A multi-task multi-label network can learn several outputs concurrently (click, add-to-cart, order) and can predict user preferences across multiple page surfaces. A single unified model shares low-level representations (for example, embeddings for user and item) while separate heads produce specialized outputs. This allows data from one task to benefit another and offers more robust representations in lower-data regimes. It also simplifies deployment since one model handles multiple predictive targets.
Potential follow-up question 6
How would you adapt the system for real-time user interactions, such as when a user is already adding items to their cart?
Real-time features are crucial. The system observes the user’s actions (items added to cart, categories searched) during the session. A session state might track a short-term embedding that changes with each click or cart addition. The model can then re-rank remaining items or collections in real time, emphasizing those that complement the current cart. This requires low-latency feature updates and in-memory serving.

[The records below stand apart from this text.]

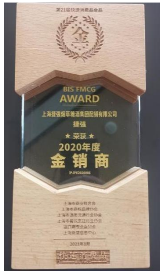
2020 年快消品综合实力经销商
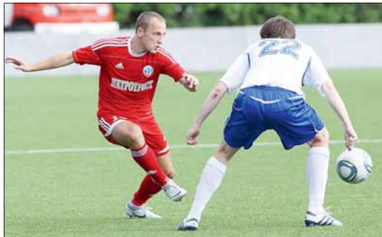
«Петротресту» в нынешнем сезоне придется непросто

КАК И ОЖИДАЛОСЬ, первый блин во втором по значимости дивизионе российского футбола - первенстве ФНЛ - вышел для питерского «Петротреста» комом. Выходцы из второго дивизиона в стартовом матче сезона были разгромлены на выезде екатеринбургским «Уралом». Но ставить на команду крест, конечно же, преждевременно - задача по сохранению прописки в ФНЛ сложна, но выполнима.
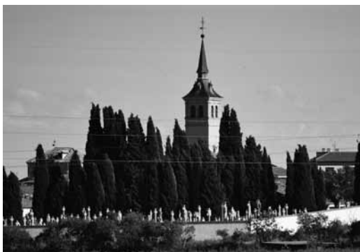
Iglesia de Mocejón, con las tapias del cementerio en primer plano.
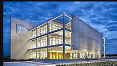
POLO UNIVERSITARIO DE TECNOLOGIA DE LA UNAM / Araulpián / Monterrey, Nuevo León. El primer campus de la UNAM, al norte del País, dice a través de su estructura: "Aquí se hace ingeniería". Su diseño, concebido como un gran mecano, captura la esencia abstracta de los edificios de CU, mientras que las plazas fueron resueltas con piedra volcánica llevada del Pedregal.
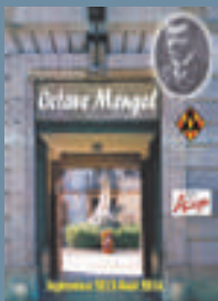
2013 : Octave MENGEL
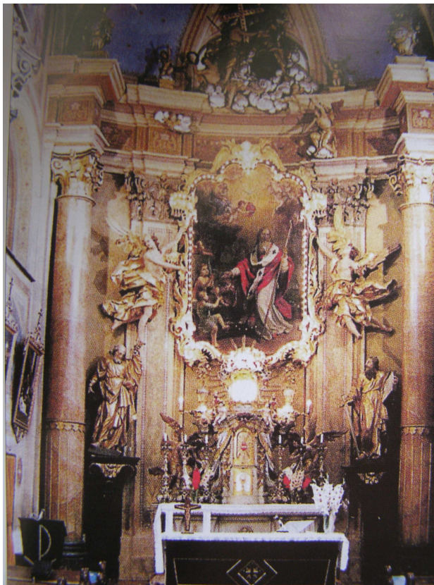
Obr.36 Rychnov, kostel sv. Mikuláše (presbytář)
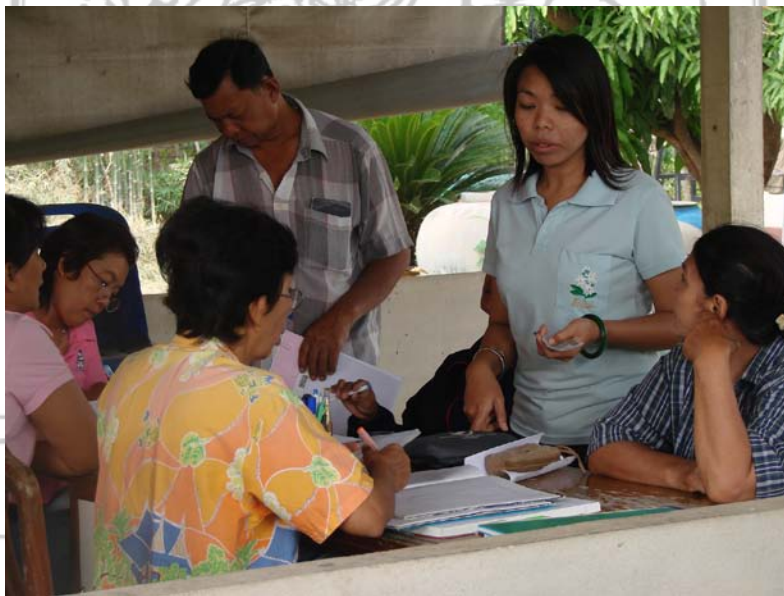
การส่งเงินสัจจะสะสมของสมาชิก วันที่ 5 ธันวาคม 2552 กลุ่มออมทรัพย์เพื่อการผลิตบ้านบางเลน หมู่ 6 ตำบลบางเลน อำเภอบางเลน จังหวัดนครปฐม
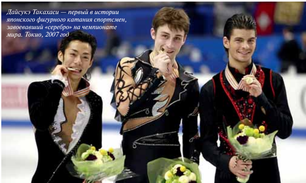
Дайсукэ Такахаси — первый в истории японского фигурного катания спортсмен, завоевавший «серебро» на чемпионате мира. Токио, 2007 год

Одна — золотая — у Шизуки Аракавы, вторая — бронзовая — у Грушиной и Гончарова. Потом я работал четыре года с японскими спортсменами, в числе которых был Дайсукэ Такахаси — один из немногих, кто готов был бороться за «золото» на Олимпиаде в Ванкувере. Но за год до Олимпиады у меня возникла с ним проблема: он подписал контракт, и совершенно некомпетентные люди стали вмешиваться в тренировочный процесс. Другой бы сдержался и продолжал тренировать его, потому что спортсменами такого уровня не бросаются. Я же не побоялся сказать ему «до свидания». Кстати, во время недавнего этапа Гран-при в Японии произошел показательный случай. В Японию я привез француза Флорана Амодио. Правда, он занял там только третье место, зато, когда я вышел на улицу после соревнований, толпа японских болельщиков мне хлопала и поздравляла. Они в курсе ситуации с Дайсукэ и понимают, что я опять — за год — умудрился на порядок поднять уровень спортсмена — в отличие от Такахаси, который за этот год ничего не прибавил, а только уходит вниз.
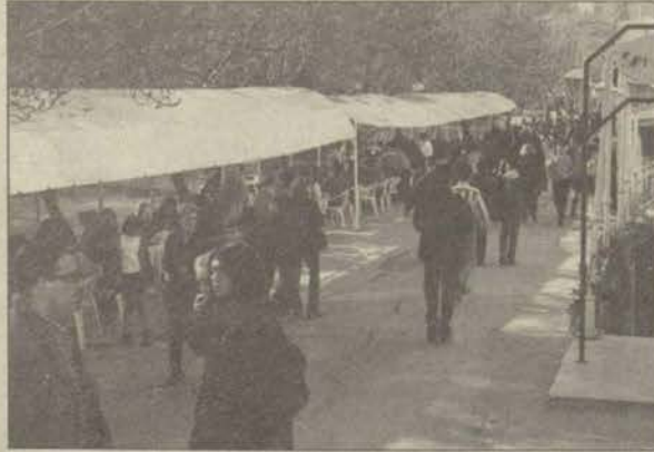
Masalar Porsuk kenarından kalkıyor

Porsuk Çayı kenarında bulunan ve kafelere ait olan masalar Büyükşehir Belediyesi tarafından kaldırıldı
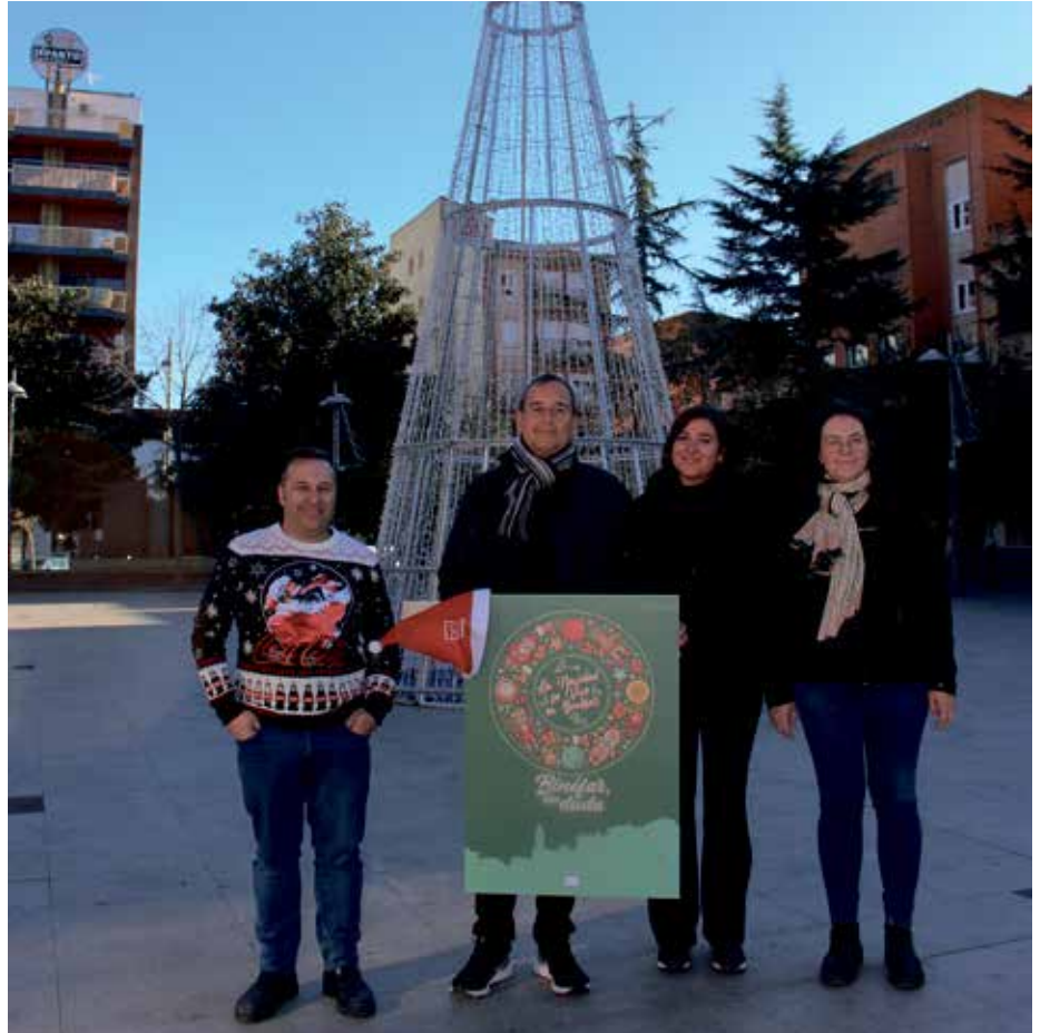
Presentación de la campaña Navidad 2022

El encendido de la iluminación navideña, que este año incorpora nuevas luces led, se llevó a cabo en la plaza de España el pasado 2 de diciembre y permanecerá encendida hasta el 6 de enero. Como novedad este año, además, se modifican los horarios de encendido -en las zonas donde sea posible- para evitar un consumo excesivo de energía, de modo
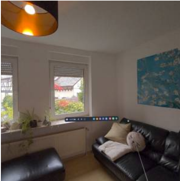
Abbildung 3: Passthrough
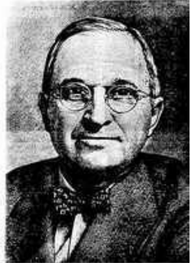
Президент США Ф. Рузвельт.
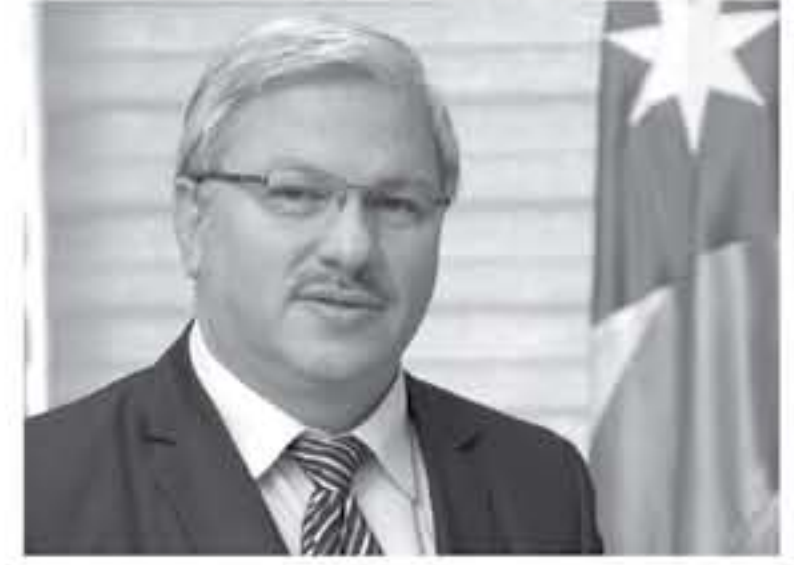
عنان - الأنباط

سجلت هيئة تنظيم قطاع الطاقة والمخاطر زيادة رخص الرخص الأساسية التي أصدرتها الهيئة العام الماضي للتعامل مع المخاطر الإشعاعية بنسبة ١٨ر٩ بالمائة مقارنة مع عام ٢٠١٦ بمجموع رخص يبلغ ٩٠٠ رخصة.

Potential follow-up question 7
What strategies would you consider for evaluating success in production?
Common metrics include click-through rates, add-to-cart rates, conversion rates, and total order subtotals. Online A/B testing or multi-armed bandit frameworks can compare new models against existing baselines. Offline metrics, like normalized discounted cumulative gain (NDCG), can provide quick iteration but are only proxies for online performance. Finally, a robust monitoring system is needed to watch for issues like user drop-off if the diversity is too aggressive or if the model incorrectly penalizes popular items.
Potential follow-up question 8
How would you handle new items or new collections that do not have historical performance data?
Use cold-start strategies. This might include transferring behavior patterns from similar items (in terms of brand, category) or from user embedding approaches that learn latent representations. Another idea is to place new items or collections in higher positions with small controlled probability to gather data, known as an exploration approach. This ensures the system can learn to rank them properly over time.
Potential follow-up question 9
Why is it important to apply post-processing steps rather than relying purely on model scores?
Business logic sometimes demands constraints or reordering not captured in the model. For example, an item with no image or with a strong indication it is out of stock hurts user experience if shown in a top spot. A model might give it a high relevance score, but real-world constraints trump that. Post-processing addresses these edge conditions and ensures final results align with operational requirements.
Potential follow-up question 10
What are some common pitfalls when designing personalized e-commerce recommender systems?
Frequent pitfalls include overfitting to a small slice of user behavior, ignoring data freshness, not accounting for position bias, failing to introduce sufficient diversity, and missing real-time context signals. Another pitfall is inadequate offline–online correlation, where a model looks good offline but fails in production because the training data distribution diverges from live traffic.